[Start of Attachment]

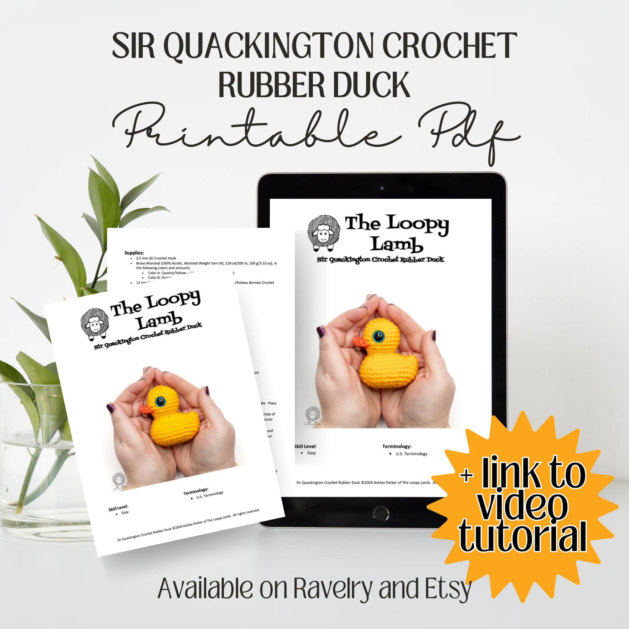 The Sir Quackington Crochet Rubber Duck pattern is available as a printable, ad-free PDF, perfect for printing or saving to your device. Includes a clean, easy-to-read layout so you can crochet without distractions.
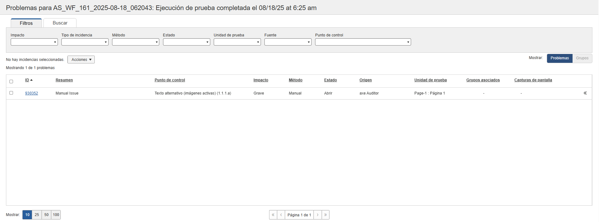Aparece la pantalla Ver Problema # para el caso de prueba:
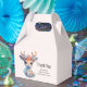 Uma pequena caixa de favor com uma ilustração adorável. Um doce veado com olhos grandes, galhadas e um pequeno amigo da borboleta. design querido.
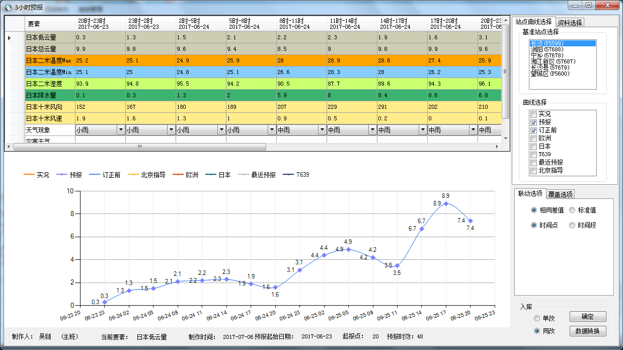 预报制作可基于数值场、客观场资料或其他指导产品,通过地图选择需要分析的精细化预报站点,在功能界面,通过上下联动的数据图表、基准站点选择、数据选择、计算方式选择等,完成本地精细化预报产品的分析制作。
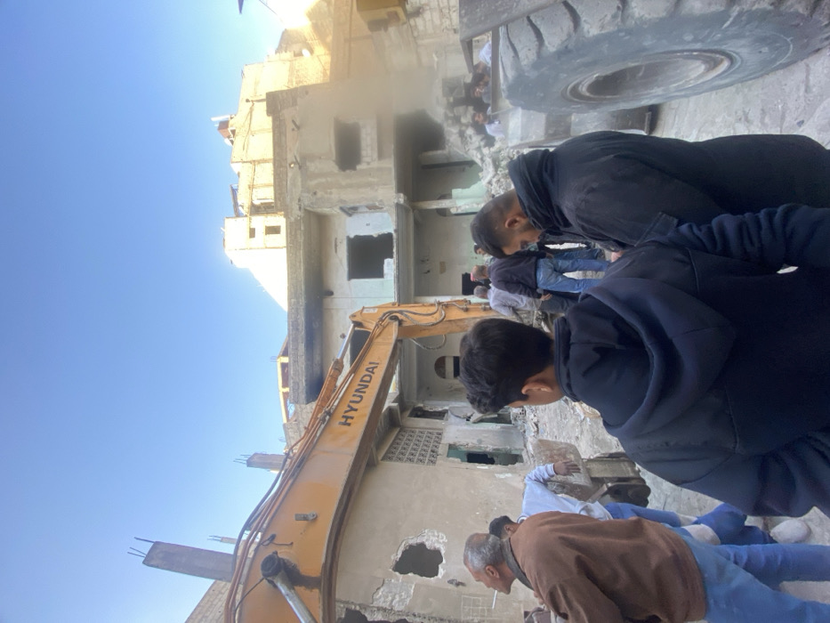 This image captures a demolition or construction site in At-Tall, Syria, under a clear blue sky
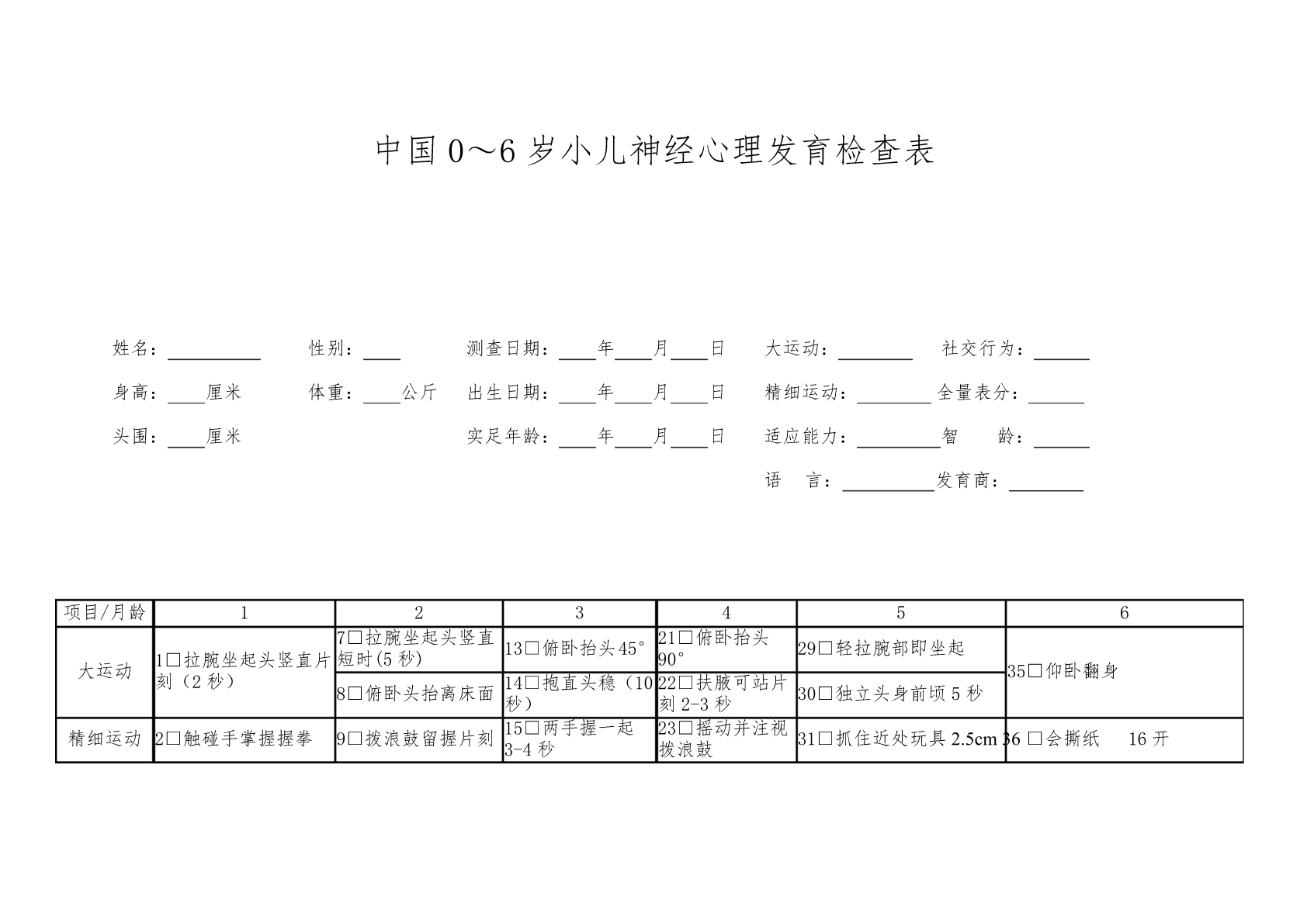 中国0~6岁小儿神经心理发育检查表姓名:性别:测查日期:年月日大运动:社交行为:身高:厘米体重:公斤出生日期:年月日精细运动:全量表分:头围:厘米实足年龄:年月日适应能力:智龄:语言:发育商:项目/月龄123456大运动1□拉腕坐起头竖直片刻(2秒)7□拉腕坐起头竖直短时(5秒)13□俯卧抬头45°21□俯卧抬头90°29□轻拉腕部即坐起35□仰卧翻身8□俯卧头抬离床面14□抱直头稳(10秒)22□扶腋可站片刻2-3秒30□独立头身前顷5秒精细运动2□触碰手掌握握拳9□拨浪鼓留握片刻15□两手握一起3
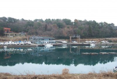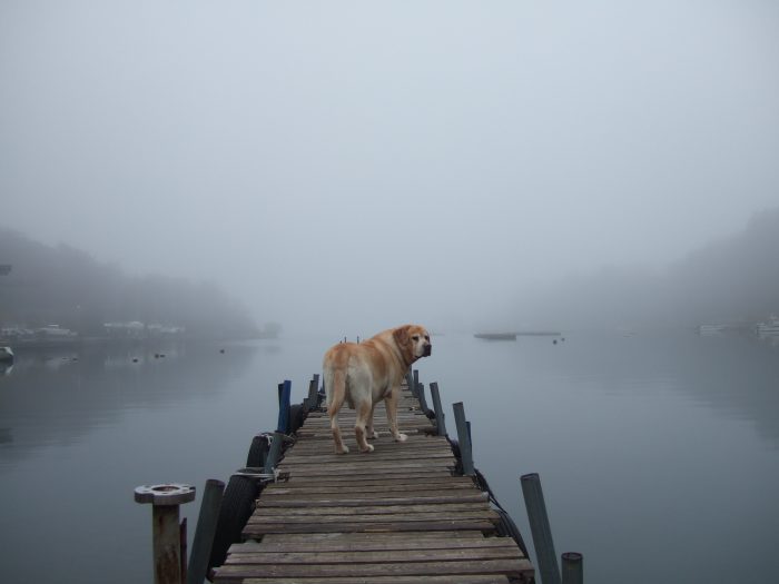 今朝は霧がこくて、桟橋がどこまでも続くように見えます。
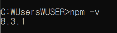 Node.js를 설치하면 자동으로 npm이 설치됩니다. npm도 npm -v로 버전을 체크해봅시다.
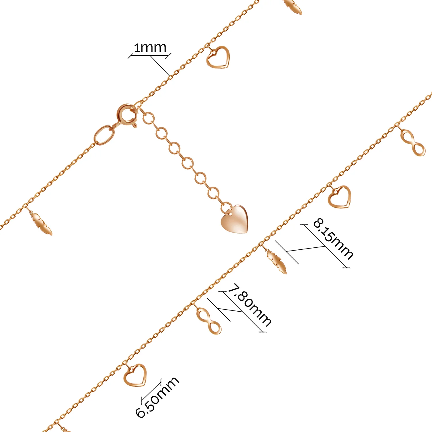 Браслет з червоного золота з підвіскою "Серце" якірного плетіння - 1649611
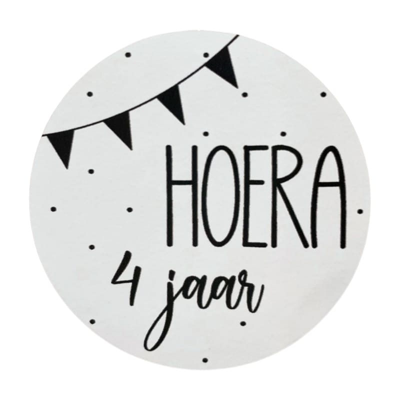Sticker Leeftijd 4 jaar met een diameter van 4,5 cm.
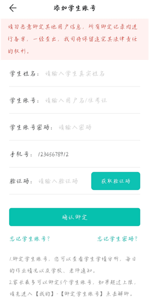 5、使用学生账号密码进行绑定时,输入学生姓名、账号密码、获取验证码后,点击【确定绑定】就行。
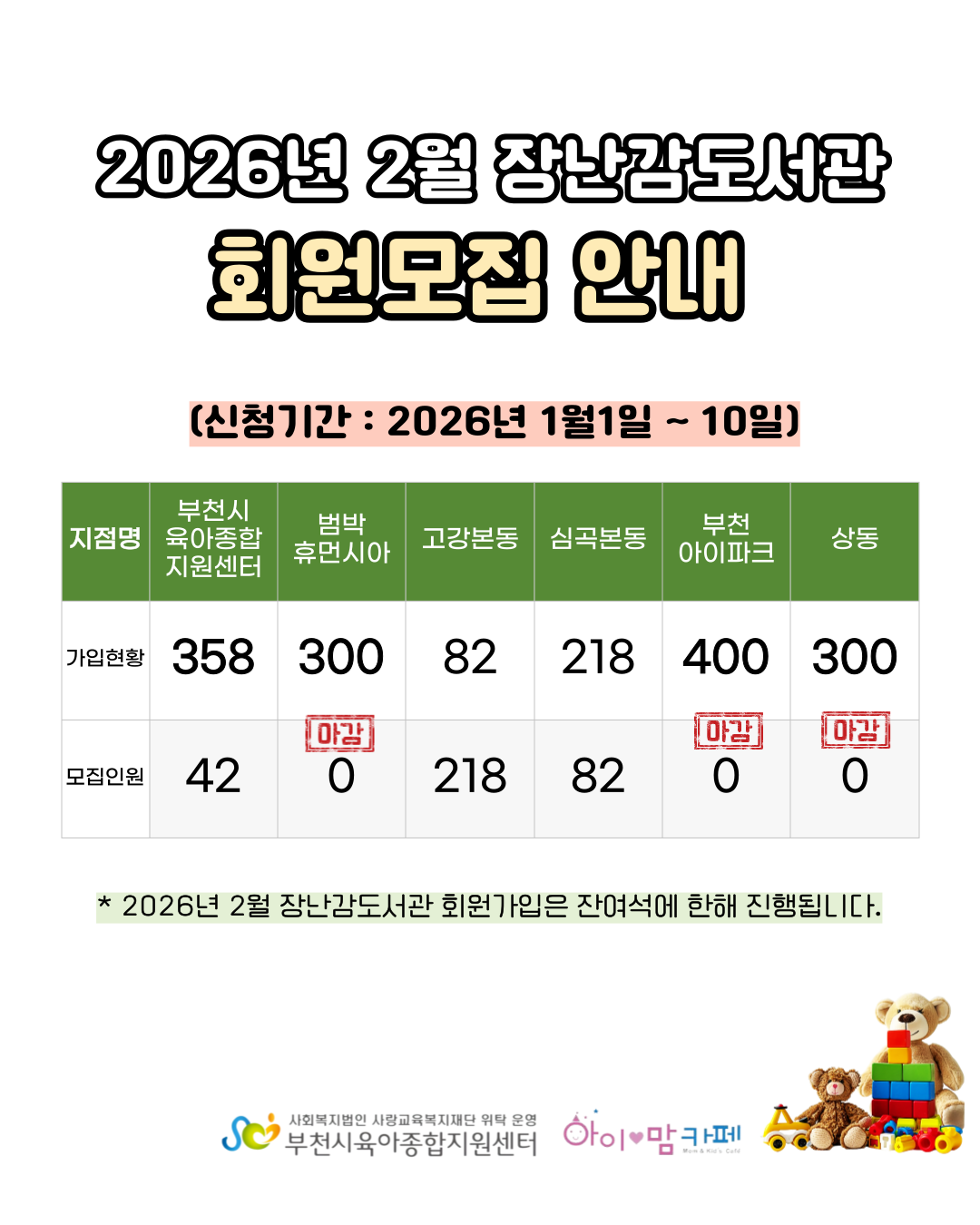 [센터] 2026년 2월 장난감도서관 회원모집 안내

[End of Attachment]

PROBLEM REQUIREMENTS
Each record is to be restated word for word; no picture goes in.

RESULT BELOW
 The Sir Quackington Crochet Rubber Duck pattern is available as a printable, ad-free PDF, perfect for printing or saving to your device. Includes a clean, easy-to-read layout so you can crochet without distractions.
Aparece la pantalla Ver Problema # para el caso de prueba:
 Uma pequena caixa de favor com uma ilustração adorável. Um doce veado com olhos grandes, galhadas e um pequeno amigo da borboleta. design querido.
 预报制作可基于数值场、客观场资料或其他指导产品,通过地图选择需要分析的精细化预报站点,在功能界面,通过上下联动的数据图表、基准站点选择、数据选择、计算方式选择等,完成本地精细化预报产品的分析制作。
 This image captures a demolition or construction site in At-Tall, Syria, under a clear blue sky
 中国0~6岁小儿神经心理发育检查表姓名:性别:测查日期:年月日大运动:社交行为:身高:厘米体重:公斤出生日期:年月日精细运动:全量表分:头围:厘米实足年龄:年月日适应能力:智龄:语言:发育商:项目/月龄123456大运动1□拉腕坐起头竖直片刻(2秒)7□拉腕坐起头竖直短时(5秒)13□俯卧抬头45°21□俯卧抬头90°29□轻拉腕部即坐起35□仰卧翻身8□俯卧头抬离床面14□抱直头稳(10秒)22□扶腋可站片刻2-3秒30□独立头身前顷5秒精细运动2□触碰手掌握握拳9□拨浪鼓留握片刻15□两手握一起3
 今朝は霧がこくて、桟橋がどこまでも続くように見えます。
 Node.js를 설치하면 자동으로 npm이 설치됩니다. npm도 npm -v로 버전을 체크해봅시다.
 Браслет з червоного золота з підвіскою "Серце" якірного плетіння - 1649611
Sticker Leeftijd 4 jaar met een diameter van 4,5 cm.
 5、使用学生账号密码进行绑定时,输入学生姓名、账号密码、获取验证码后,点击【确定绑定】就行。
 [센터] 2026년 2월 장난감도서관 회원모집 안내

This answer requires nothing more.